The primary risks for SPG in 2026 are: (1) E-commerce & Consumer Shift — The continued growth of online shopping threatens physical retail spaces, potentially reducing foot traffic and demand for traditional retail properties. (2) Anchor Tenant Loss — Simon Property Group relies on anchor stores and large retailers to attract shoppers. (3) Interest Rate Exposure — As a REIT, SPG is sensitive to interest rate changes; rising rates increase borrowing costs and can limit capital for new investments. Each factor has the potential to pressure earnings or compress the stock's valuation multiple.
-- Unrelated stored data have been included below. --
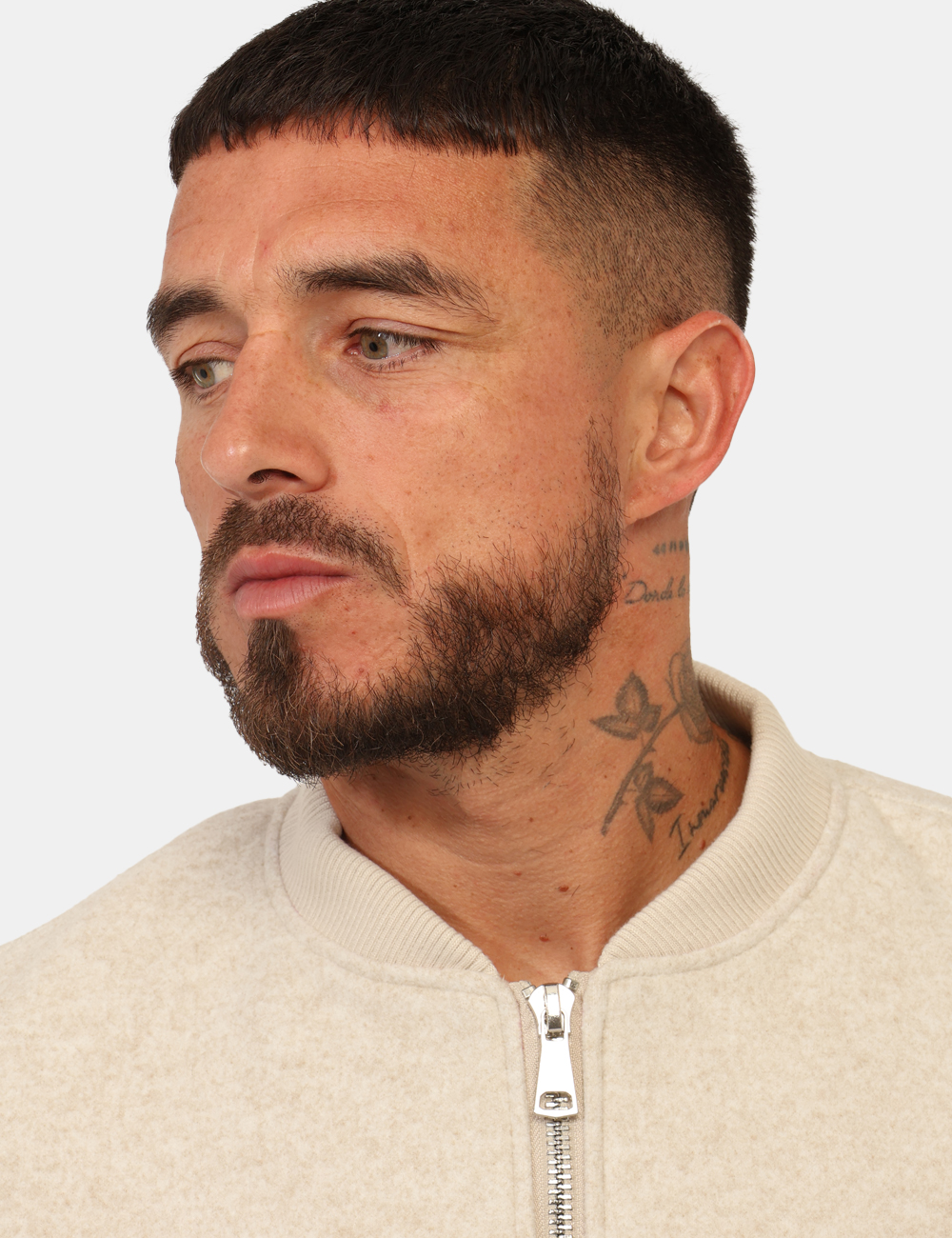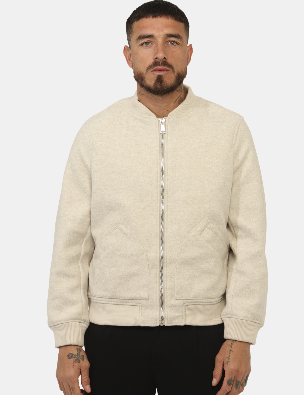 Giacca in tessuto total panna, con colletto alla coreana e tasche a taglio trasversale. La vestibilità è morbida e pratica grazie a zip sul fronte. La giacca è adatta per occasioni casual e facilmente combinabile. Affronta il tuo inverno con stile.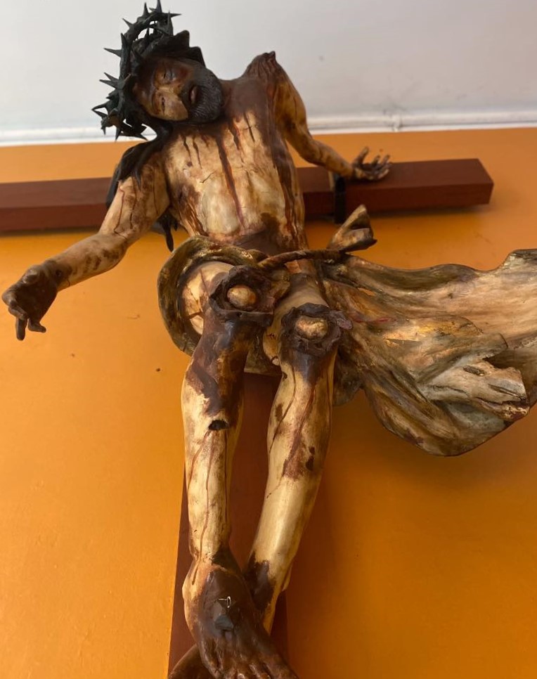 Fotografía del las paginas sudamericanas que muestran la Cruz del Perdón con un Jesús crucificado con el brazo derecho desclavado de la Cruz y extendido hacia abajo y el cuerpo colgado del izquierdo en una actitud un poco singular dentro de iconografía católica convencional.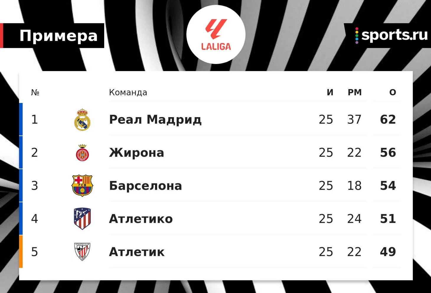 Также в топ-4 входит «Атлетико» с отставанием от лидера в 11 очков.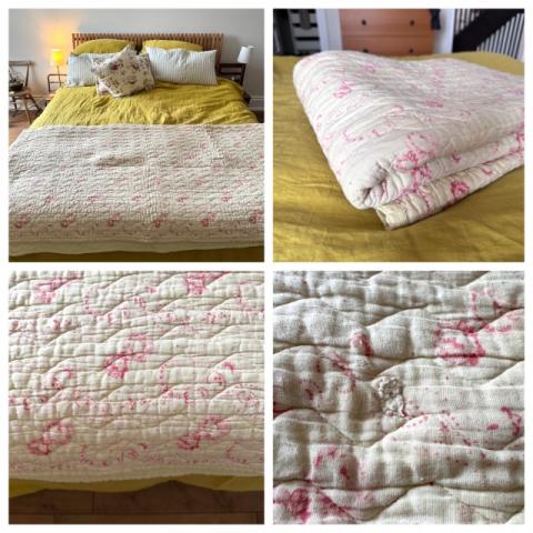 シャビーシックな雰囲気が素敵なローズ柄のキルトを、$75でお譲りします。新品にはない、くったりとしたやわらかい生地感が魅力の一枚です。 使い込まれることで生まれた風合いがあり、ナチュラルであたたかみのある空間づくりにぴったりです。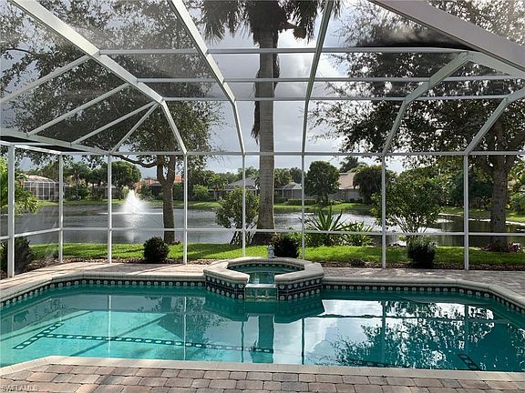 Spacious three bedroom plus den three bath pool and hot tub home with western exposure overlooking pond and fountain. Newer roof, hurricane protection, paver pool deck and driveway. Lot's of 8 foot glass sliders looking out to pool and pond. Enjoy resort amenities and a great Naples location within minutes drive to 4 white sandy award winning beaches.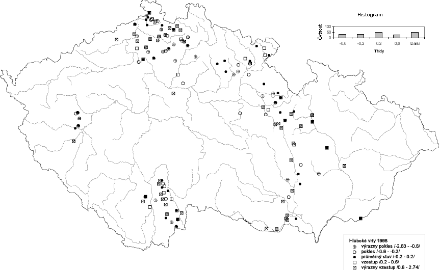 Normalizovaný rozdíl průměrného stavu hladiny v hlubokých vrtech v roce 1998 a průměrného stavu za období 1991 - 1998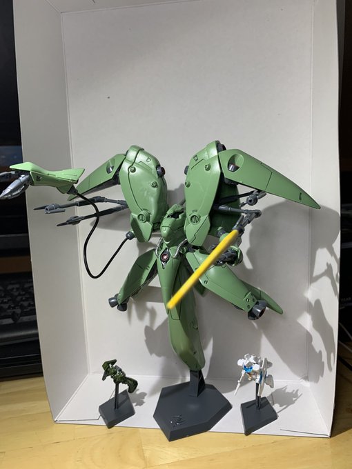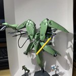 ノイエ・ジール完成。下にある小さいのが接着剤使用で、塗装に時間がかかった。ステイメンの方は小さすぎて私には無理。プラモコーナー閉じるので半額になってるヤマダ電機でプラモ系ツール買いまくってしまい、もう後に引けなくなっている。 #ガンプラの画像貼るとRTされると聞いて #ガンプラ

Analyst consensus estimates SPG will report consensus revenue of $6.7B (+5.5% year-over-year) and EPS of $9.66 (-31.8% year-over-year) for the upcoming fiscal year. The following year, analysts project $7.1B in revenue.
Simon Property Group, Inc. is expected to report its next earnings on approximately 2026-05-11. Consensus expects EPS of $1.49 and revenue of $1.5B. Over recent quarters, SPG has beaten EPS estimates 75% of the time.
Simon Property Group, Inc. (SPG) generated $2.3B in free cash flow over the trailing twelve months — a free cash flow margin of 35.4%. SPG returns capital to shareholders through and share repurchases ($0 TTM).